Most patients have pre-op CT scans; 88 percent have no invasive preoperative staging
FRIDAY, July 31, 2015 (HealthDay News) — For suspected lung cancer patients, the thoroughness, accuracy, and timeliness of preoperative evaluation could be improved, according to research published online July 30 in the Annals of Thoracic Surgery.
Nicholas Faris, M.Div., from the University of Memphis in Tennessee, and colleagues conducted a retrospective review of clinical records to examine the presurgical evaluation of suspected lung cancer patients. Data were included for 614 recipients of lung resection at two institutions. Patients were classified into five “nodal points”: lesion detection, diagnostic biopsy, radiologic staging, invasive staging, and treatment.
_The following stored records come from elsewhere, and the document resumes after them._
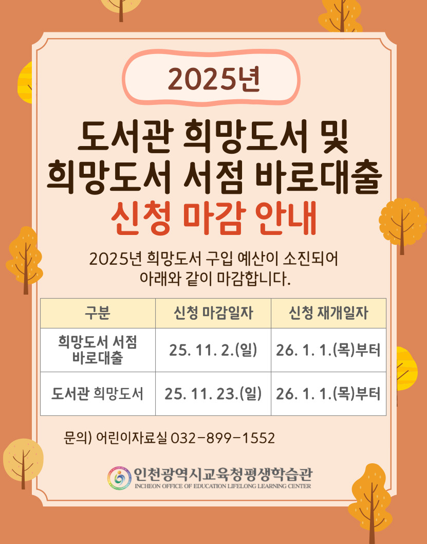 2025년 도서관 희망도서 및 희망도서 서점 바로대출 서비스 신청 마감 ...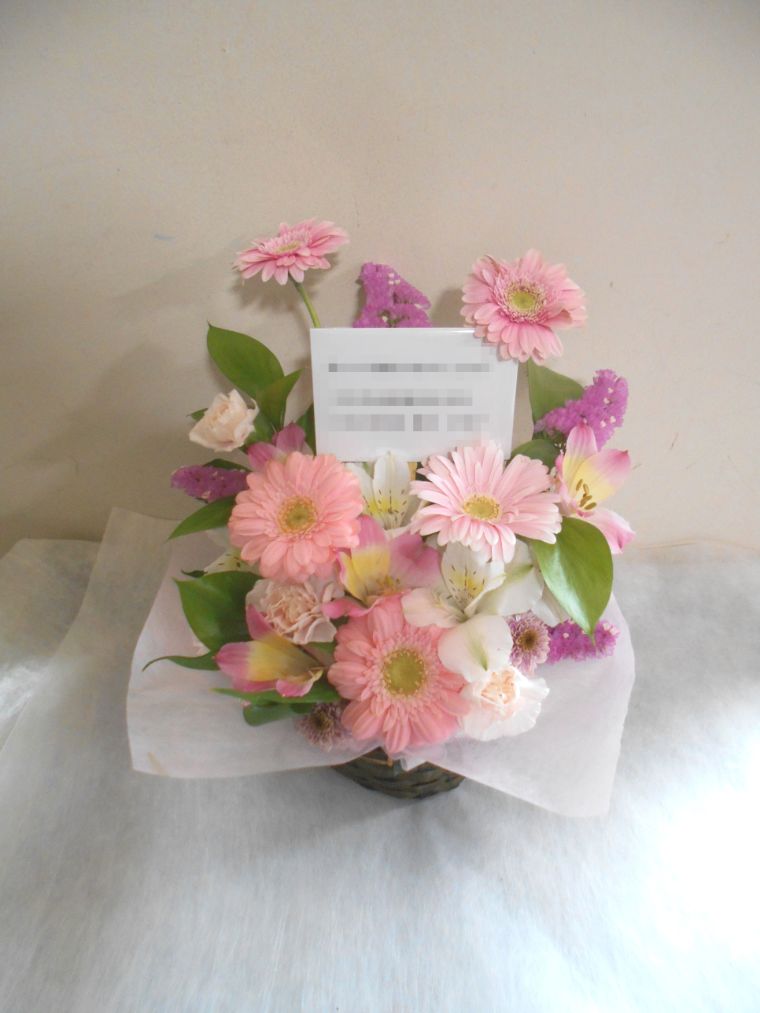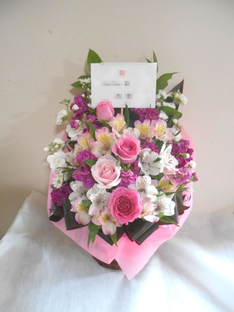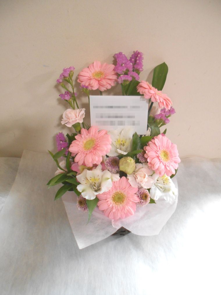 アレンジメントの実際にお届けした写真です。花秘書では発送前に写真をメールで送信致しますので安心して大切な顧客や取引様へのギフトにご利用頂けます。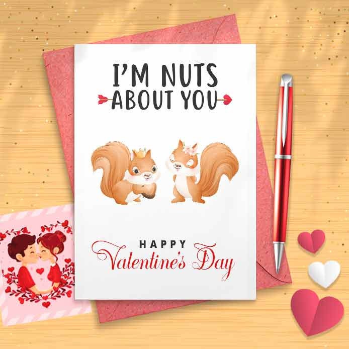 Funny Squirrel Pun Valentines Card - Romantic Card, Cute Love Card, Funny Valentines Day, Greeting Card, Love Greeting, Funny Love [00583]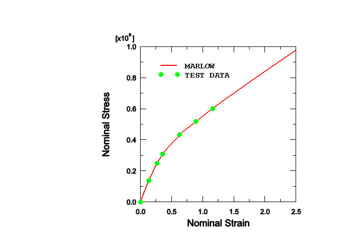 As many data points as required can be entered from each test. It is recommended that data from all four tests (on samples taken from the same piece of material) be included and that the data points cover the range of nominal strains expected to arise in the actual loading. For the (general) polynomial and Ogden models and for the coefficient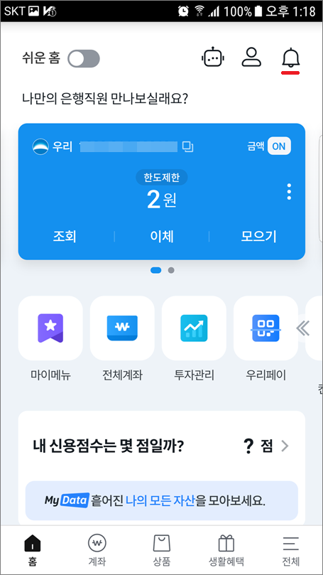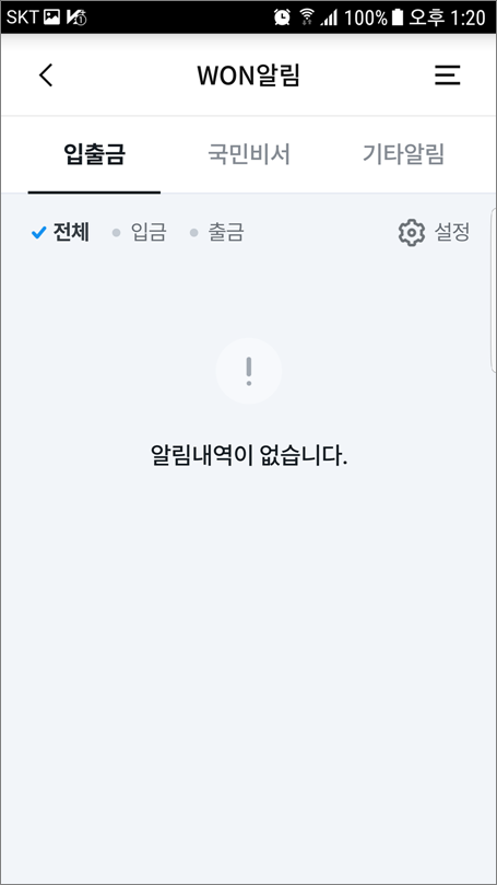 - 알림 설정: 앱에서 우측 상단의 종 아이콘을 선택하고, ‘WON 알림’ 메뉴에서 ‘입출금 알림 신청하기’를 선택합니다.
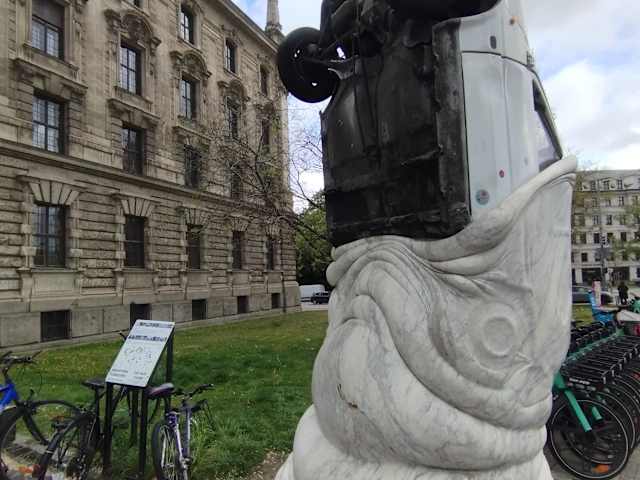 Am Karlsplatz (Stachus) , direkt vor dem Justizgebäude befindet sich das Denkmal der „Autoeater“ ( der Autoesser). Der Karlsplatz, der von den Münchnern auch Stachus genannt wird, ist einer der bekanntesten Plätze der bayerischen Hauptstadt. Einst soll der Karlsplatz der verkehrsreichste Platz Europas gewesen sein - heute ist er zumindest einer der wichtigsten Verkehrsknotenpunkte in München. Der „Autoeater“ wurde vom Bildhauerpaar Julia Venske und Gregor Spänle geschaffen. Julia Venske (* 1971) und Gregor Spänle (* 1969) leben und arbeiten in München und New York. Sie stellen ihre Skulpturen in allen Kontinenten der Welt aus. Der Autoeater ist ein 4,20 Meter hoher Schlund aus weißem Marmor, der einen Fiat Panda verschluckt. Nur noch das Vorderteil schaut heraus. Neun Monate haben die beiden Künstler am autofressenden Marmor gearbeitet. 16 Tonnen bringt der Schlund samt Auto auf die Waage. Der Marmor stammt aus Carrara. Bevor die Skulptur nach München kam, stand das Kunstwerk laut eines Berichtes im Internet von 2017 – 2021 in Atlanta, Georgia. Nach Aussage der Künstlerin soll das Denkmal das Ende einer Ära versinnbildlichen und für eine autofreie Stadt werben. Vor dem Kunstwerk wird auf einer Hinweistafel das Denkmal „Autoleater“ beschrieben. Die Stadt München hat diese Aktion finanziert. Da steht der Autoeater am Stachus gerade richtig. Ob sich die vorbei brausenden Autofahrer von der Skulptur „Autoeater“ nachdenklich machen lassen, ist nach meiner Ansicht fraglich?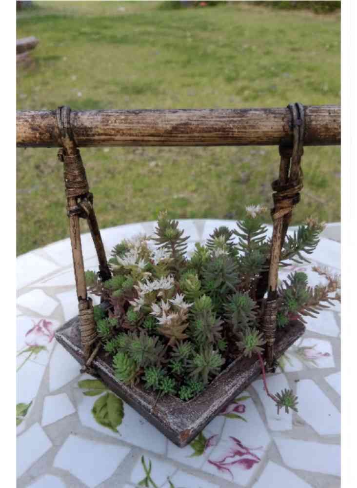 リサイクルショップで¥100で購入したのですが使い方が思い当たらず庭のセダムを植えてみました
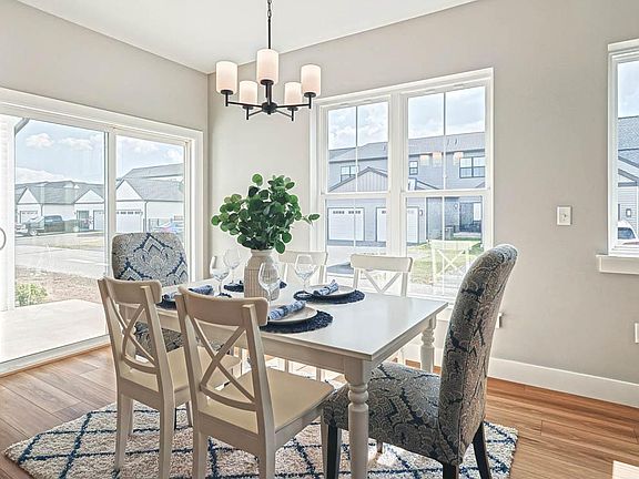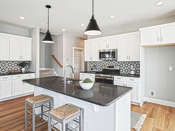 This 2-story, end-of-row townhome includes a first-floor owner’s suite, 2-car, rear load garage and a mudroom entry with built-in lockers and bench. Stylish vinyl plank flooring flows throughout the main living areas. The living room, warmed by a gas fireplace with stone surround, opens to the kitchen and dining area with sliding glass door access to a rear patio. The kitchen is well-appointed with stainless steel appliances, quartz countertops with tile backsplash, and large center island. The owner’s suite, tucked quietly to the back of the home, features an expansive closet and a private bathroom with 5’ tile shower and double bowl vanity. A laundry room is conveniently located across the hall from the suite. On the 2nd floor is a loft, two additional bedrooms, and a full bathroom.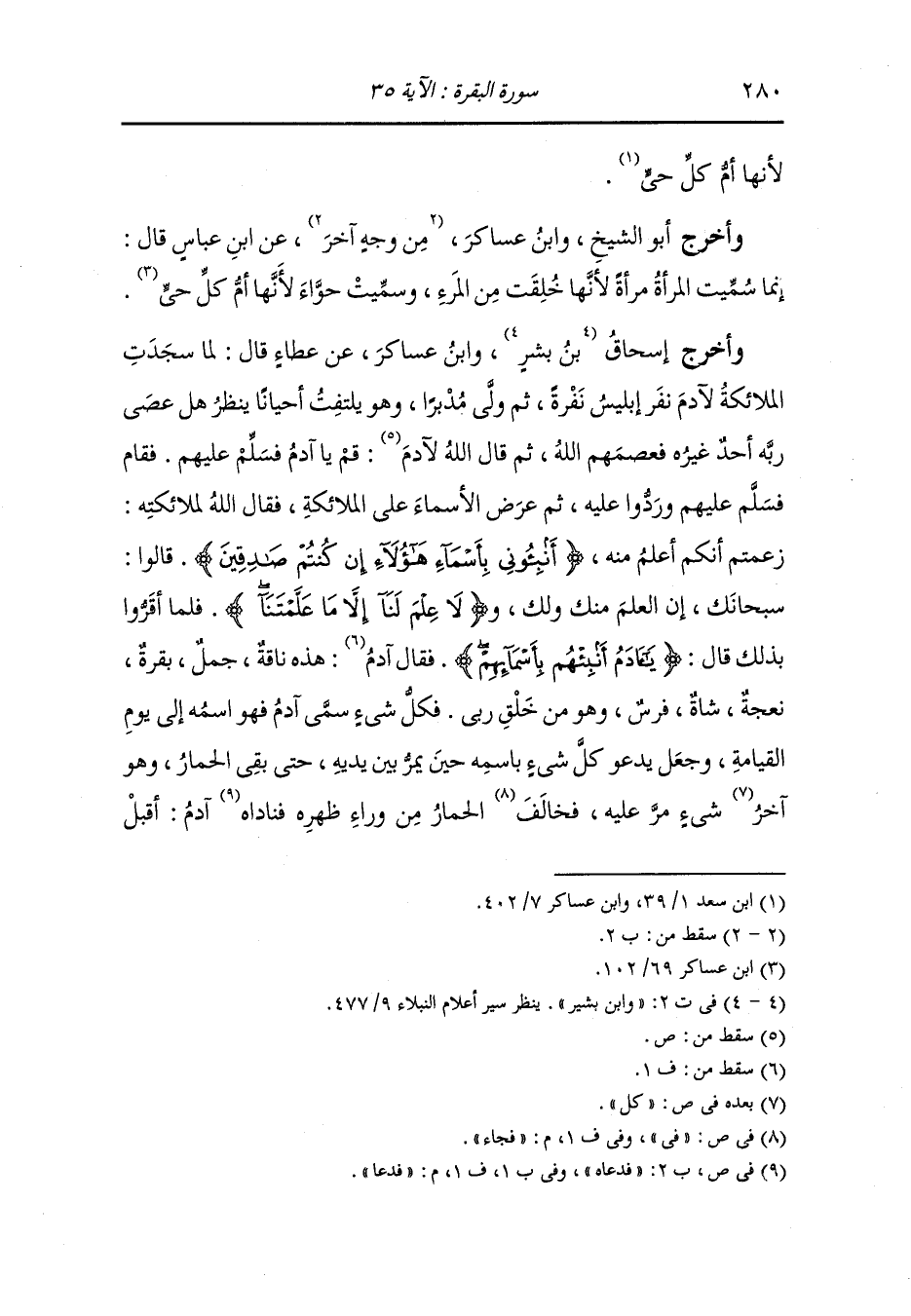 وأخرج اسحاق بن بشر ، وَابن عساكر عن عطاء قال : لما سجدت الملائكة لآدم نفر إبليس نفرة ثم ولى هاربا وهو يلتفت أحيانا ينظر هل عصى ربه أحد غيره ، فعصمهم الله ثم قال الله لآدم : قم يا آدم فسلم عليهم ، فقام فسلم عليهم وردوا عليه ثم عرض الأسماء على الملائكة فقال الله لملائكته : زعتم أنكم أعلم منه (أنبئوني بأسماء هؤلاء إن كنتم صادقين قالوا سبحانك) إن العلم منك ولك ولا علم لنا إلا ما علمتنا فلما أقروا بذلك (قال يا آدم أنبئهم بأسمائهم) فقال آدم : هذه ناقة جمل بقرة نعجة شاة فرس وهو من خلق ربي ، فكل شيء سمى آدم فهو اسمه إلى يوم القيامة وجعل يدهو كل شيء باسمه حين يمر بين يديه حتى بقي الحمار وهو آخر شيء مر عليه ، فجاء الحمار من وراء ظهره فدعا آدم : أقبل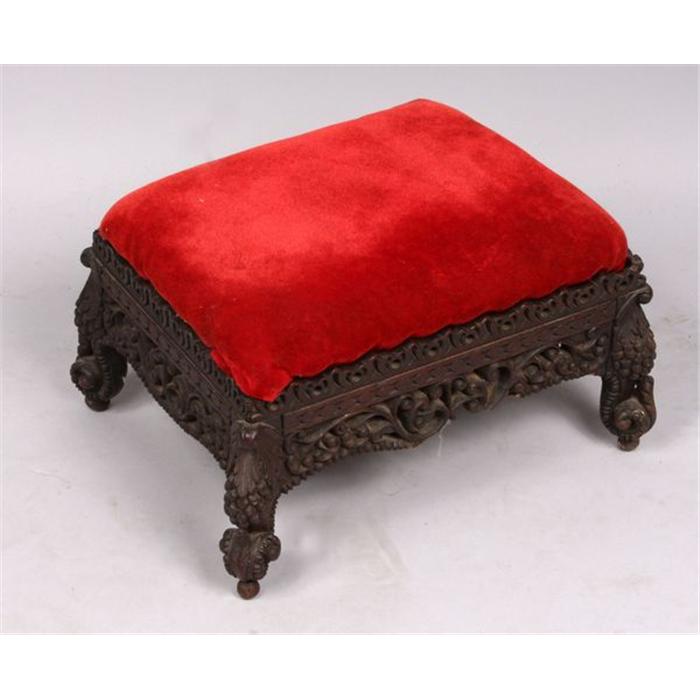 Heavily carved and upholstered Chinese or Anglo-Indian foot stool, 8 1/2" h. x 16" w. x 12" d. Good condition.

The researchers found that 92 percent of patients had lung cancer, 5 percent had a non-lung primary tumor, and 3 percent had a benign lesion. Most patients (98 percent) had preoperative computed tomography (CT) scans, while 27, 22, and 88 percent, respectively, had no preoperative diagnostic procedure, no preoperative positron emission tomography (PET)/CT scans, and no invasive preoperative staging. Only 10 percent had CT, PET/CT, and invasive staging. Of patients with an invasive staging test, 21 percent had mediastinal nodal metastasis at resection. The median duration was 84 days from initial lesion identification to resection, 28 days from lesion identification to diagnostic biopsy, and 40 days from diagnostic biopsy to surgery.
“There is opportunity for improvement in the thoroughness, accuracy, and timeliness of preoperative evaluation of suspected lung cancer patients in this community cohort,” the authors write.